Whether and when to convert
A Roth conversion generates taxable income in the amount converted. In general, Roth conversions are beneficial whenever your marginal tax rate on the conversion is less than the marginal tax rate you expect to pay on withdrawals during retirement. However, if you expect your marginal tax rate to be even lower in future years, wait until that year to convert. If converting the whole amount from a traditional IRA would push you into a higher tax bracket, convert only as much to keep you in the current bracket, and convert the remainder in future years. Likewise, consider the possible effect on future marginal tax rates by making large Roth conversions - if you substantially reduce your pre-tax balance, your predicted tax bracket may be lower due to smaller taxable withdrawals or Required Minimum Distributions (RMDs), reducing the benefit of further Roth conversions.
Roth conversions may be beneficial in the following situations:
- when unemployed or working fewer hours
- when going back to school full-time instead of working
- early in your career before you reach your peak income
- when taking time off to care for a family member
- in early retirement before Social Security is collected
- when living in a low-tax or tax-free state, and expecting to move to a high-tax state
A Roth IRA is exempt from Required Minimum Distributions while you are alive. Therefore, if the Roth conversion is close to break-even but you might be forced to take distributions from your traditional IRA which are more than you need to live on, there is an advantage to conversion; you will keep more money growing tax-deferred for longer.
If your traditional IRA contains substantial non-deductible contributions, roll the pre-tax portion into an employer plan, or convert as soon as possible if it can be done for reasonable tax cost.

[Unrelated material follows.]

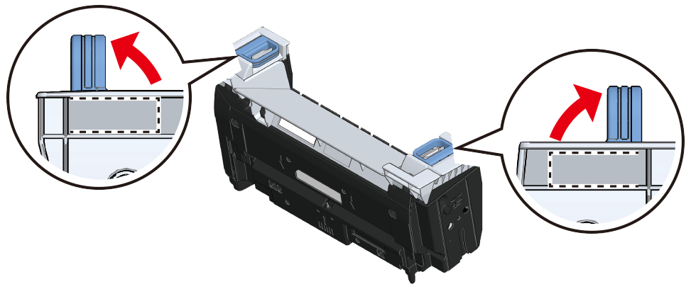 Tag den nye fikseringsenhed ud af kassen, og løft de venstre og højre håndtag lodret op, indtil der høres et klik.
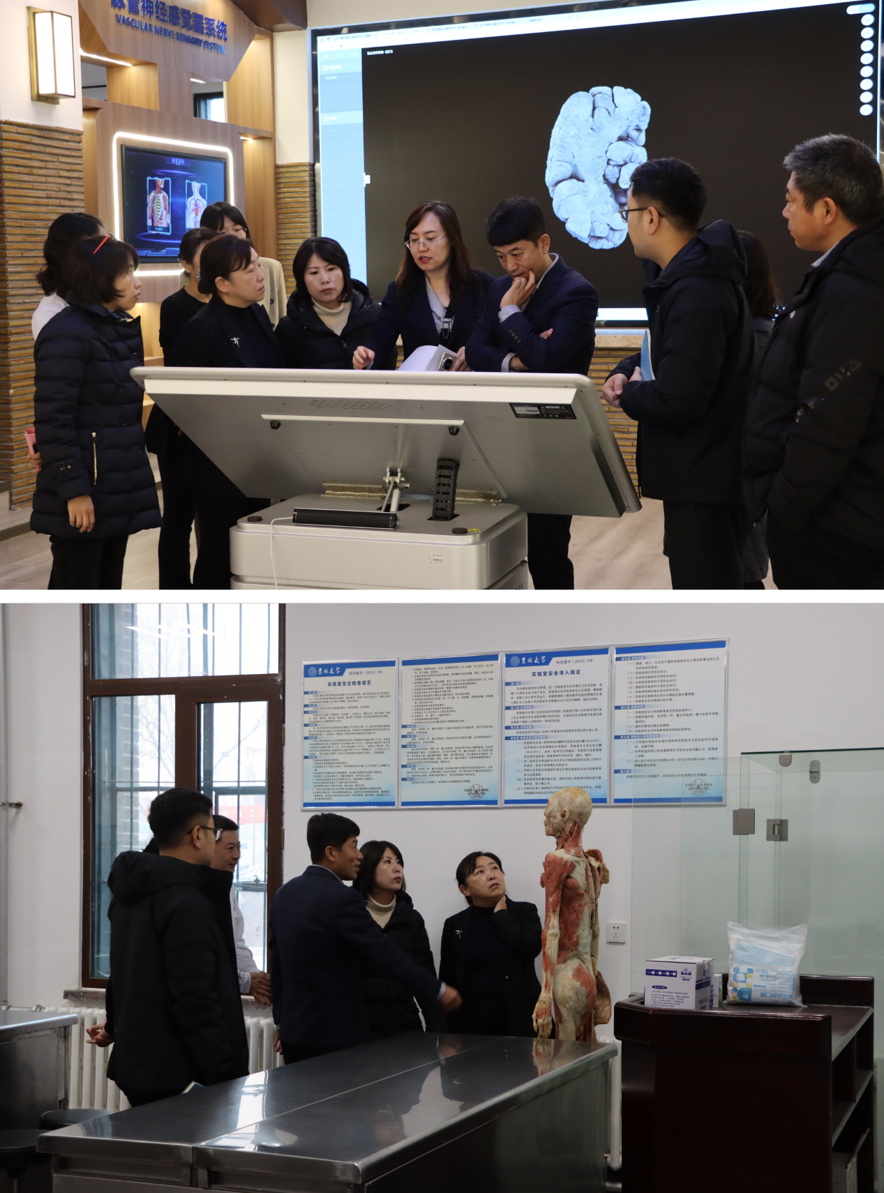副院长辛颖结合教育教学实际情况,就日常运行管理、教学科研条件等进行介绍,参观过程中双方就如何更好优化实验室建设与人才培养等问题开展了深入讨论,双方希望未来能够在人才培养、科学研究、高层次人才项目等领域开展更广泛深入的合作。

Paying conversion taxes with non-retirement funds
Because Roth dollars are worth more than pre-tax dollars, converting pre-tax money to Roth and paying the taxes with funds outside retirement accounts is a way to effectively contribute additional tax-protected money without counting toward annual contribution limits. Non-retirement funds could be cash flow from earned income, or from the sale of taxable investments. Roth conversions of this type increase the after-tax value of your accounts more than simply contributing the tax money directly into a Roth account, and so should be prioritized over unmatched Roth contributions in years when your marginal tax rate is lower than you expect in retirement. Roth conversions of this type also offer additional benefit when investment values have dropped due to a market crash, because you are able to convert the same number of investment shares for lower tax cost.
The following table gives the approximate investment priorities for different situations of your marginal tax rate now compared to your expected marginal rate at withdrawal:
|Current rate less than future||Current rate same as future||Current rate slightly more than future||Current rate significantly more than future|
|1. Matched Roth contributions||1. Matched Roth contributions(c)||1. Matched traditional contributions||1. Matched traditional contributions|
|2. Matched traditional contributions||2. Matched traditional contributions(c)||2. Unmatched traditional contributions(f)||2. Unmatched traditional contributions|
|3. Roth conversions with taxes paid from taxable(a)||3. Unmatched Roth contributions(c)||3. Roth contributions(f)||3. Roth contributions|
|4. Unmatched Roth contributions||4a. Roth conversions with taxes paid from taxable(d)(e)||4. Roth conversions with taxes paid from taxable||4. Taxable investing|
|5a. Unmatched traditional contributions(b)(e)||4b. Unmatched traditional contributions(e)||5. Taxable investing||Do not Roth convert|
|5b. Taxable investing(b)||5. Taxable investing|
|Comments: (a) Conversions should only be done up to the point that current tax rate barely equals the future tax rate (b) the relative value of traditional and taxable investments in this situation depends on other factors; higher overall tax rates favor traditional, and lower favors taxable (c) The mathematical value of traditional and Roth contributions and Roth conversions are all equal, but contributions are preferred because they preserve more opportunity to convert in future years. Traditional contributions could be preferred over Roth when tax rates are equal, for example, when lower-tax years are expected in the future that would allow Traditional balances to be converted for lower cost. (d) Conversions should only be done up to the point that current tax rates barely exceeds the future tax rate (e) The net effect of traditional contributions and Roth conversions is the same as a Roth contribution. Therefore, if you have the opportunity to make traditional contributions in one account (eg. an employer plan) and Roth convert from another (eg. a Traditional IRA), it's worth doing both. (f) In high tax brackets and over longer time horizons, the future value of Roth contributions can exceed traditional when maxing out your retirement accounts|
This table assumes similar-quality investments are available in all accounts. If certain accounts have inferior investments, performance and fees must be weighed against tax cost; see Traditional versus Roth.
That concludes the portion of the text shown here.